Table Optimization Guide

The Universal Storage Engine (USE) includes two main optimization procedures to manage data layout and table metadata. This guide covers the RevisionOptimization procedure for improving query performance and the DeltaVacuum procedure for cleaning up unused files.

RevisionOptimization can be triggered periodically and automatically selects files to re-index for improved performance. DeltaVacuum triggers the delta Vacuum to remove files that are no longer referenced by the _delta_log.

RevisionOptimization

The goal of this optimization process is to reduce the discrepancy between the actual data layout and the one expected by the OTree index.

A qbeast table is generally composed of one or more Revisions, each representing an OTree index with a set of parameters such as column transformers and/or cube size. Each file from the table is assigned to a Revision, and files written with the underlying table format are assigned to the unindexed Revision (RevisionID = 0).

RevisionOptimization is designed to optimize different Revisions (OTrees) separately to reduce the layout-index discrepancy (except the unindexed revision).

Continuous Optimization Process

RevisionOptimizations are executed iteratively or continuously. Once triggered, the process will keep running until the user stops it or when there are no more files to optimize.

In each iteration, a sequence of ordered FileSelectionStrategies is used to select files to optimize, and the first one that returns files is used for the optimization.
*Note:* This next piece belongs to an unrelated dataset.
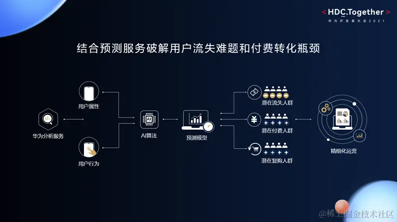 其实对于很多中小型App来说,要从0-1去构建自身的AI能力和产品还是比较困难的。而我们预测是基于应用内的行为特性、不同的算法等构建的预测模型,来帮助开发者预测出应用内即将流失的用户和待付费的用户。运营人员可以针对这部分用户去做精准营销,包括流失召回、付费促销等等。
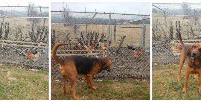 The first time we tried to introduce Hank to the chickens was when they were babies living in our garage in their brooder box. The first thing he tried to do was bite the head off of one of them. So from that time on, we have always kept the chickens and dogs separated.

Users can select the file selection strategies and their ordering via configuration.

def optimize(): Unit = {
  while (continue) {
    val filesToOptimize = selectFiles()
    if (filesToOptimize.isEmpty) continue = false
    else optimizeFiles(filesToOptimize)
  }
}
 
def selectFiles(): Seq[String] = {
  var files = Seq.empty[String] 
  for (strategy <- fileSelectionStrategies) {
    if (files.isEmpty) {
      files = strategy.selectFiles()
    }
  }
}

File Selection Strategies

The file selection strategies are used to select files to optimize.

When the targeted Revision is indexed, the process will select files to reduce the cube fragmentation (LeveledCompactionSelection). When the Revision is not indexed, the process will select files to index them by adding them to the latest revision (UnindexedFilesSelection).

Leveled Compaction

As more and more files are added to a Revision, the cube fragmentation increases, and the performance of the queries degrades.

Each time new data are added to a cube, we create offsets in the existing files. If the append is relatively small compared to the size of the existing index, we create many small cubes that are then grouped together by rollup to avoid creating too many small files.

While the index metadata is always updated as we manipulate the index, the data layout could be out of sync with the index.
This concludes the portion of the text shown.